Ya tengo mi ejemplar del nuevo MONEDAS IN CRESCENDO.

Tuve un tiempo la anterior edición, pero esta nueva es infinitamente mejor 

En cuanto a acabado:
Pasta dura, encuadernacion cocida y 230 páginas
Portada y contraportada con un diseño muy elegante
Muchisimas fotos en lugar de dibujitos

En cuanto a contenido:
Trae cosillas extras como los capitulos especificos del emplame de Downs, de Tenkai y el Han Pin Chien y más de 50 juegos

el libro de las navidades sin duda.

a por el antes de que se vuelva a agotar

----------


## Ricardo Solo

Cambia mucho sobre el anterior?

Podría alguien poner un índice para ver en que varía, o alguien que tenga la edicion anterior.

Muchas gracias

----------


## magokreuss

todavia no me ha dado tiempo de ojearlo , me acaba de llegar de correos

dice la contraportada:

......"En esto libro de Manuel Cuesta, nos ofrece su visión de la magia con monedas, desde un punto eminentemente práctico. Ha intentado que la curva de aprendizaje de la técnica sea más liviana que en las ediciones anteriores y que se expliquen más técnicas y juegos. Así ha añadido, entre otros, capítulos específicos para el estudio de los empalmes de Downs, de Tenkai y del Han Pin Chien. En total más de 50 juegos.
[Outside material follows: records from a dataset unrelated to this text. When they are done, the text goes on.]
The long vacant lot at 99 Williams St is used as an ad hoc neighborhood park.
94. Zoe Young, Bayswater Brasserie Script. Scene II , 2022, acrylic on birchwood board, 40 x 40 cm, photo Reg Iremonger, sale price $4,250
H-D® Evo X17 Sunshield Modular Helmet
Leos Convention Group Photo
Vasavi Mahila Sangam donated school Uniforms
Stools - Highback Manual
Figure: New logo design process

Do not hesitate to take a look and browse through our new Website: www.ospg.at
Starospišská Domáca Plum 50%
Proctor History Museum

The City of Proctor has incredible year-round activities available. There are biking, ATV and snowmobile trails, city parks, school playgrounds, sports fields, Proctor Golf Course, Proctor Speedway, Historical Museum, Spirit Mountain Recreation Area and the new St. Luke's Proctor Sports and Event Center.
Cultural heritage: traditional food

Además como primicia Manuel ha persuadido a su amigo y mago con monedas Alfonso Paños para la inclusión de su maravilloso Falso Depósito Universal"

----------


## queco

Y aunque sea por privado, ¿alguien me puede decir cómo comprarlo?

----------


## Ming

Angel, ¿por qué mañana y no hoy?

¿Es normal que comuniquen todo el rato?  :O10:

----------


## Azatodeth

A lo mejor ya está puesto por ahí pero no lo he encontrado, sabeis el precio?
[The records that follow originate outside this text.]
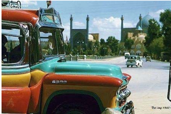
Fig. 6 Increase of vehicle accessibility in Naghshe Jahan square in Pahlavi era, [26]

according to decisions of supreme traffic council of Isfahan in April of 2014, entry of any motor vehicle such as car, bus and motor cycle to the square was forbidden. (Fig. 8) So after passing around 80 years, Naghshe jahan square returned back to the origin condition from accessibility perspective and use as powerful historical city center in Isfahan. Also by this action most of the unworthy urban elements from visual view will remove.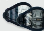
ITEM NO. 48212-4709 RIOT CURV 14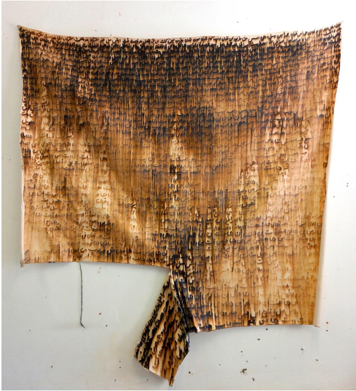
Untitled (Book of Tawhid XI), Ink, bleach and cold glue on canvas, 205 * 235 cm.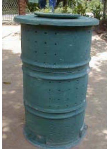
Bin with modifications

When bin designs were identified at the beginning, it did not include aeration holes in the bottom ring. Aeration is a critical factor for composting process and as a result, delayed composting and bad odour problems were identified.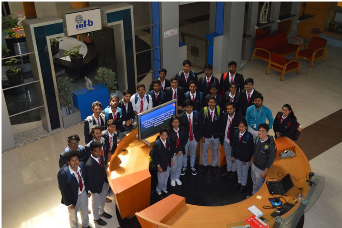
January 31: Visit of students of Acharya's Bangalore B-School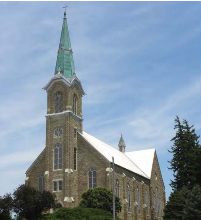
St. Mary's Church

9208 Main Street, St. Benedict, KS 66404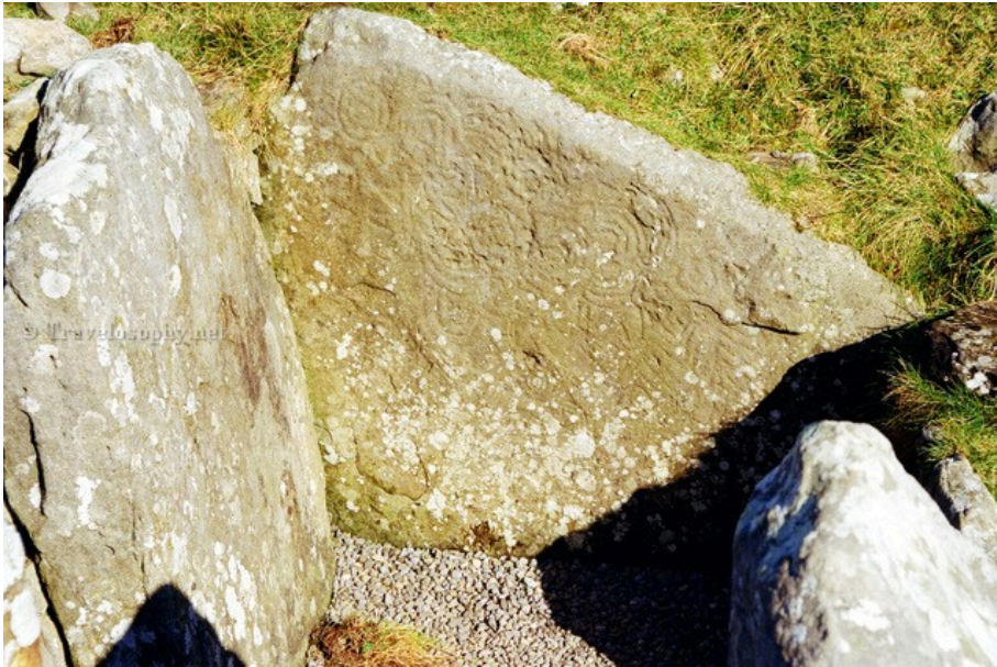
Cairn U Stone Carvings

Ming: acabo de hablar con ellos que, a mí también me ha dado comunicando un buen rato, me han dicho que hoy le quedaban algunos pero para la semana que vienen le llegarán más (aunque les tendría  que haber llegado hoy)

PD: sí, he hablado con ellos y se me ha olvidado preguntar el precio :(, pero como aquí hay gente que ya lo tiene pues a ver si me resolviais la duda y no tenia que volver a llamar.

----------


## goncho19

38 €uritos

----------


## Ming

> Ming: acabo de hablar con ellos que, a mí también me ha dado comunicando un buen rato, me han dicho que hoy le quedaban algunos pero para la semana que vienen le llegarán más (aunque les tendría que haber llegado hoy)


¿Y se puede saber cómo lo has logrado? ¡Llevo desde las 5 llamando!  :O10:

----------


## t.barrie

> ¿Y se puede saber cómo lo has logrado? ¡Llevo desde las 5 llamando!


jaja, ya somos dos entonces...

De todas maneras creo que tampoco tendremos que darnos tanta prisa ¿no? 
si la semana que viene reciben más,no hay problema. Además no creo que hayan hecho una tirada tan corta, y teniendo ellos la exclusividad, más razón para que no se terminen tan pronto. Bueno eso espero.

Yo por hoy desisto, mañana más.. :Wink1:

----------


## Azatodeth

> ¿Y se puede saber cómo lo has logrado? ¡Llevo desde las 5 llamando!


Soy mago :P

Cuando le he dicho que me intentaría acercar la semana que viene no me lo ha puesto catastrófico en plan de que se fueran a agotar, aunque si me ha dicho que si quería que me reservaba uno (y le he dicho que no, me gusta el riesgo, jeje) Asique opino como t.barrie, que no habrán hecho una tirada muy pequeña y todos podremos conseguir nuestro ejemplar.

Gracias goncho19 por decirme el precio.

----------


## Ming

He logrado que no comunicase el telefono  :302:  Dos veces  :Smile1:  ... bueno, una es que me había confundido de número y llamé al novio de mi hermana  :O15:  jeje... En serio, he logrado que no comunicase... me ha dicho: "Hola... (y al cabo de un rato).... por favor deja el mensaje en el contestador." Como mínimo ha aparecido una voz  :Neutral: 
t.barrie,... mañana más. A ver quien logra que le cojan el telefono antes  :302:  Suerte.

----------


## magokreuss

sisisi vosotros arriesgaros......


jijijiji joder que chulo está el libro

----------


## t.barrie

> t.barrie,... mañana más. A ver quien logra que le cojan el telefono antes  Suerte.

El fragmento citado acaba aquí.